Key Features of the VAE:

Generative Capability: VAEs can generate new data samples by sampling from the latent space.
Latent Space Representation: The structure of the latent space reveals patterns in the data.

Why Use VAEs for Time Series?

Time series data—such as stock prices, weather patterns, or even EEG signals—often requires specialized methods due to its temporal nature. By leveraging VAEs, we can capture the underlying patterns of time series data in a compressed form. This can help us visualize the data more effectively, reduce dimensionality, and even generate new synthetic time series that resemble the original dataset.

Our Approach

In this implementation, we generate synthetic time series data, train a VAE to learn latent representations, and use t-SNE (t-distributed Stochastic Neighbor Embedding) to visualize the lower-dimensional embeddings. We’ll also reconstruct the data to see how well the VAE performs in recreating the original time series.

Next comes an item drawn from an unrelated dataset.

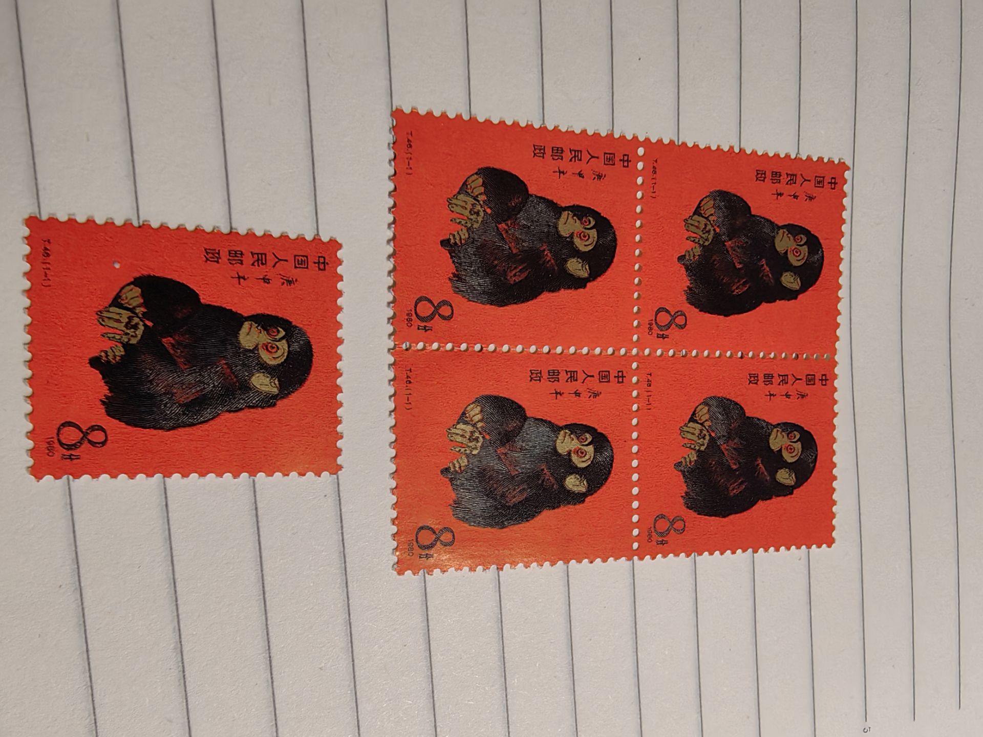 出售一轮猴 单枚的 3800元 方连 4000X4枚 方联齿孔有竖折 金粉好 不脏 无黄 可以过灯 包顺丰快递!

Explanation of Key Components

Data Generation: The generate_timeseries_data function creates synthetic timeseries data for training the VAE. It generates random values within a specified shape.

def generate_timeseries_data(num_samples, num_timesteps):
    """
    Generate synthetic timeseries data.

    Parameters:
        num_samples (int): Number of samples in the dataset.
        num_timesteps (int): Number of timesteps in each sample.

    Returns:
        np.ndarray: Generated timeseries data with shape (num_samples, num_timesteps).
    """
    return np.random.rand(num_samples, num_timesteps)

VAE Class: The VAE class encapsulates the architecture of the autoencoder:

Encoder: Maps the input data to a latent space using a dense layer.

Decoder: Reconstructs the input data from the latent representation.

class VAE(models.Model):
    """
    Variational Autoencoder (VAE) model.

    Parameters:
        input_dim (int): Dimension of input timeseries data.
        latent_dim (int): Dimension of the latent space.
    """

    def __init__(self, input_dim, latent_dim):
        super(VAE, self).__init__()
        self.input_dim = input_dim
        self.latent_dim = latent_dim

        self.encoder = self.build_encoder()
        self.decoder = self.build_decoder()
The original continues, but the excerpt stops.